Data excerpts
»»
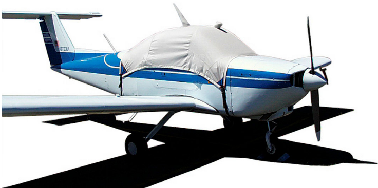
Canopy Cover for Beech Skipper
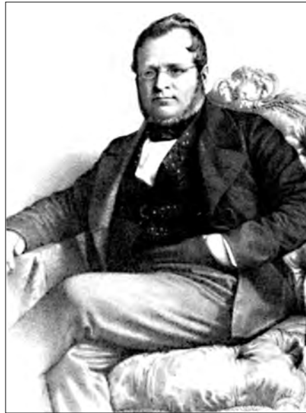
A painting of Cavour.
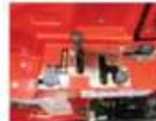
Simple shift lever
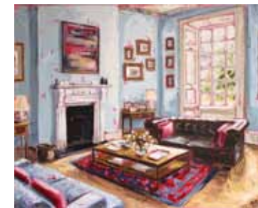
TITLE: My Thoughts Escaping MEDIA: Oil on canvas YEAR: 2015 Nº: Pc023 LOCATION: Park Terrace Wine Bar
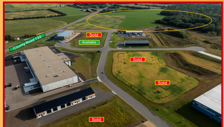
Future planned site.
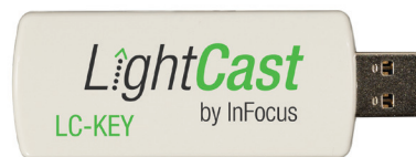
LightCast Key unlocks casting, whiteboard and browser

Command and control your IN5148HD with free ProjectorNet 4.0 software from InFocus. Projector Net allows you to remotely manage and support your projector from a single computer via your existing network.
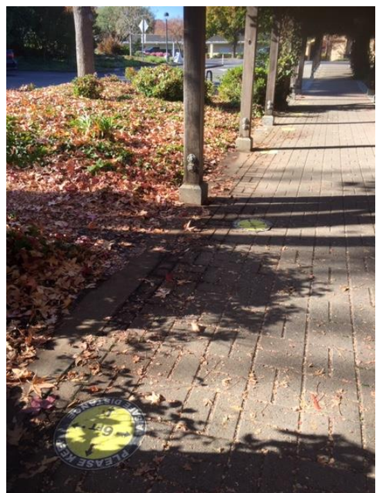
Signage to be placed next to Social Distancing Decal
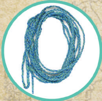
35 ft. Water Color Blended Hand Line

Extra Large Panels and legendary design make the Morada Series perform better than any other net on the market
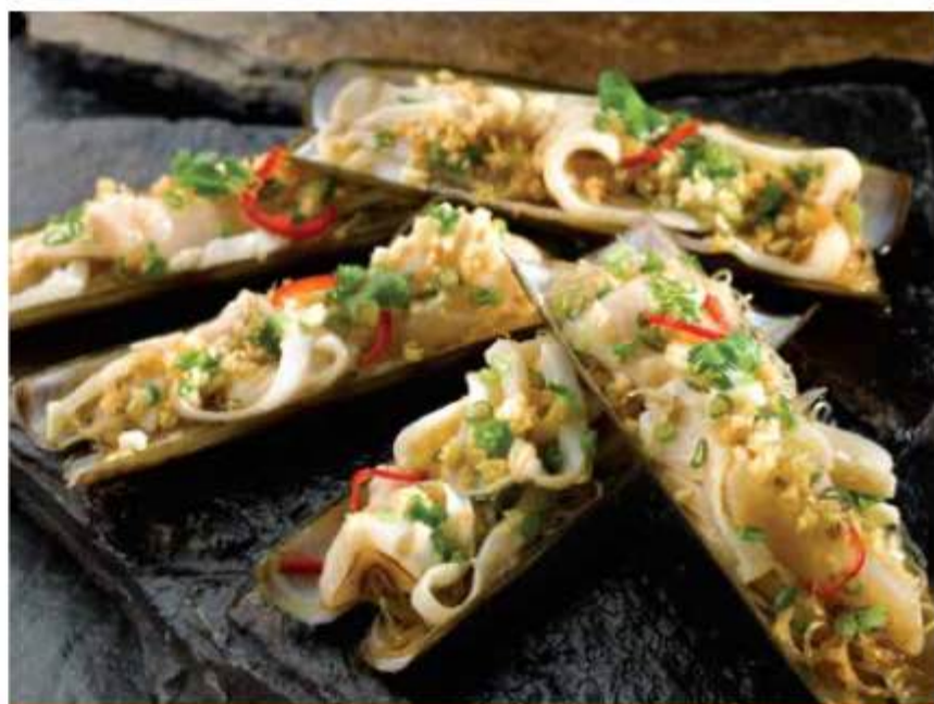
606. 蒜茸蒸竹蚌 Bamboo Clam Steamed with Minced Garlic
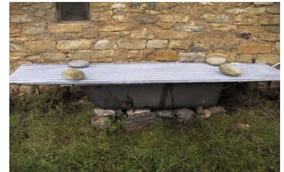
5. Protect from rain and shine.
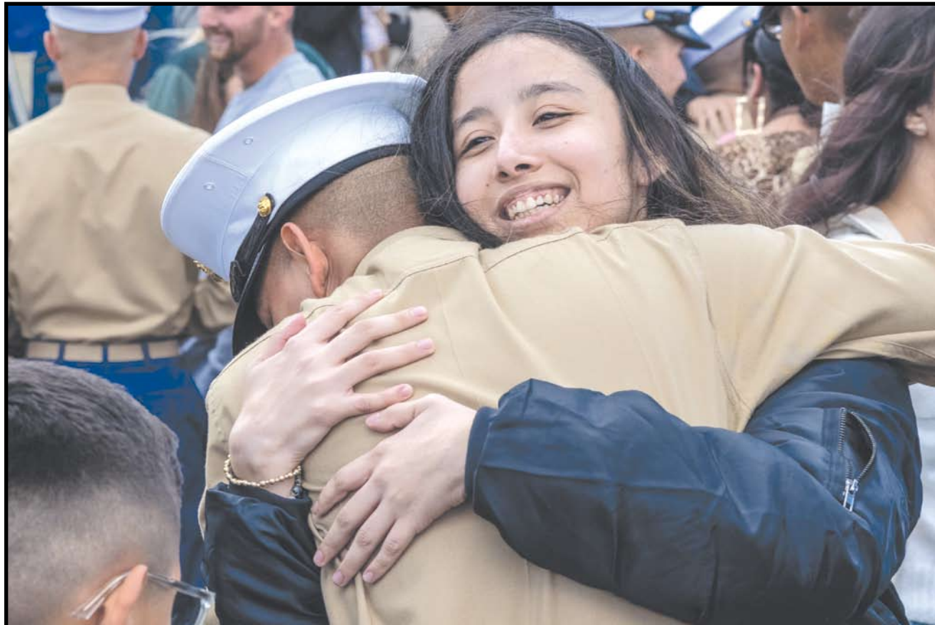
RECRUIT HUG A Marine with Mike Company, 3rd Recruit Training Battalion, is greeted by his guest following his graduation ceremony at Marine Corps Recruit Depot San Diego on Nov. 15, 2024. Graduation took place at the completion of the 13-week transformation, which included training for drill, marksmanship, basic combat skills, and Marine Corps customs and traditions.
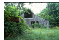
Barn on Military Donation No. 10
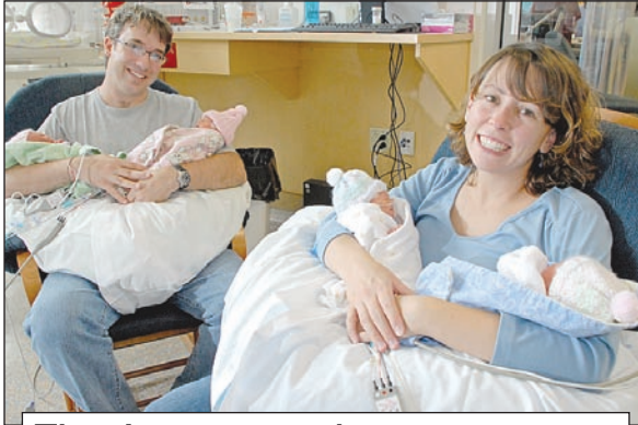
The Jepps were happy to return to Calgary with their babies.
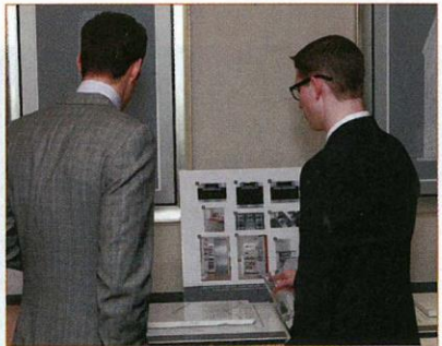
Viewing the displays
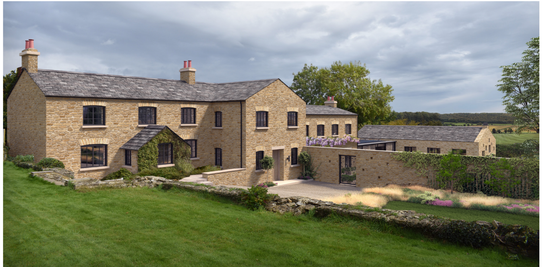
Fig. 7 - CGI of the proposed building using the Grange Hill Cream stone
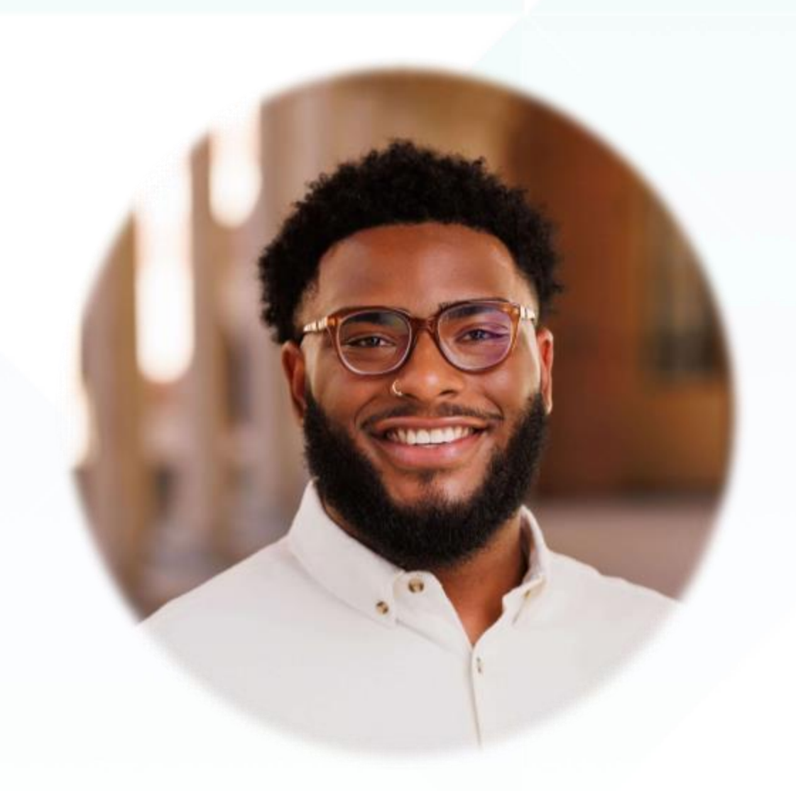
Transformative Support for Career-Track Faculty

The University of Arizona was honored as a 2023 Delphi Award winner for its transformative support of Career-Track faculty. This speaker series, made possible by the Delphi Award, is a collaborative effort between the U of A Career-Track faculty working group and Faculty Affairs. We aim to share insights and best practices for teaching and supporting career-track faculty.
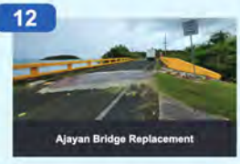
12 Ajayan Bridge Replacement
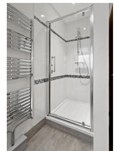
Bath & Shower Room
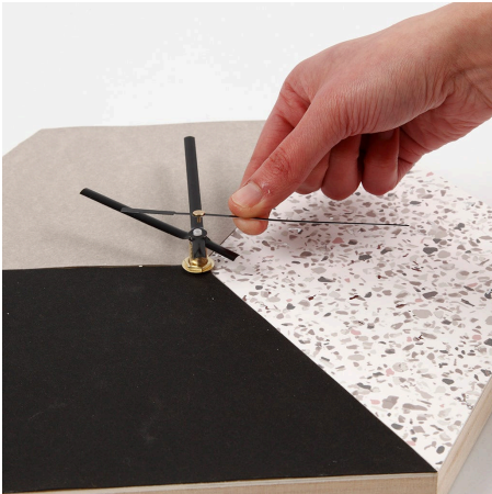
7 Assemble the clock mechanism as illustrated on the packaging.
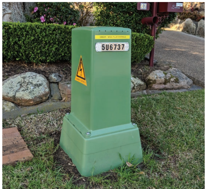
Typical current standard pillar to be installed
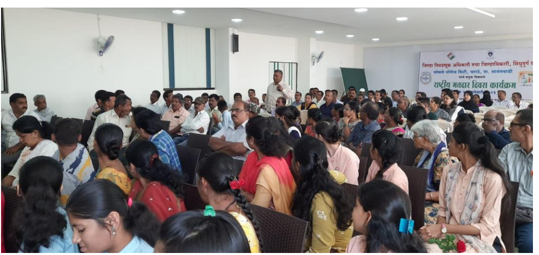
Students' & Parents' Participation
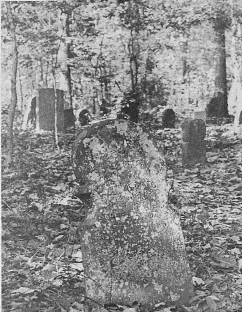
OLD SCOTTISH CEMETERY — A few visitors still go to the old Scottish Cemetery, near Mt. Carmel Church. The tombstone in the foreground (one of the oldest there) bears this inscription: "The sacred memory of John Pattison Was born the 14 day of September 1777 and Died the 11 day of June 1842."

(139) FM to 138 (?) 140 Small loose stone (141) FM to 140 (?)
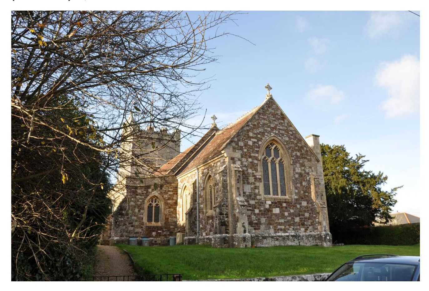
Holy Rood Church, Wool

Holy Rood Churchyard, Wool has 45 Commonwealth War Graves – 22 from World War 1 & 23 from World War 2.
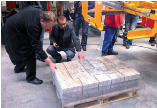
The refined blocks practically "force" one to touch them

The demonstration plant, by the way, will be installed together with a second refinement line in a concrete plant in Poland in the coming months. CPI-Worldwide will report in detail on this. ■
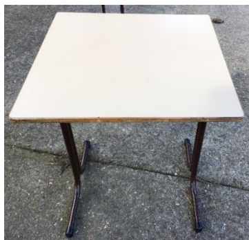
One small square table buff in colour
««
▶ Problem: Reproduce exactly the lines above that run from the one with "Barn on Military Donation No. 10" to the one with "The refined blocks", both included, leaving pictures out.

▶ Answer section:
Barn on Military Donation No. 10
The Jepps were happy to return to Calgary with their babies.
Viewing the displays
Fig. 7 - CGI of the proposed building using the Grange Hill Cream stone
Transformative Support for Career-Track Faculty

The University of Arizona was honored as a 2023 Delphi Award winner for its transformative support of Career-Track faculty. This speaker series, made possible by the Delphi Award, is a collaborative effort between the U of A Career-Track faculty working group and Faculty Affairs. We aim to share insights and best practices for teaching and supporting career-track faculty.
12 Ajayan Bridge Replacement
Bath & Shower Room
7 Assemble the clock mechanism as illustrated on the packaging.
Typical current standard pillar to be installed
Students' & Parents' Participation
OLD SCOTTISH CEMETERY — A few visitors still go to the old Scottish Cemetery, near Mt. Carmel Church. The tombstone in the foreground (one of the oldest there) bears this inscription: "The sacred memory of John Pattison Was born the 14 day of September 1777 and Died the 11 day of June 1842."

(139) FM to 138 (?) 140 Small loose stone (141) FM to 140 (?)
Holy Rood Church, Wool

Holy Rood Churchyard, Wool has 45 Commonwealth War Graves – 22 from World War 1 & 23 from World War 2.
The refined blocks practically "force" one to touch them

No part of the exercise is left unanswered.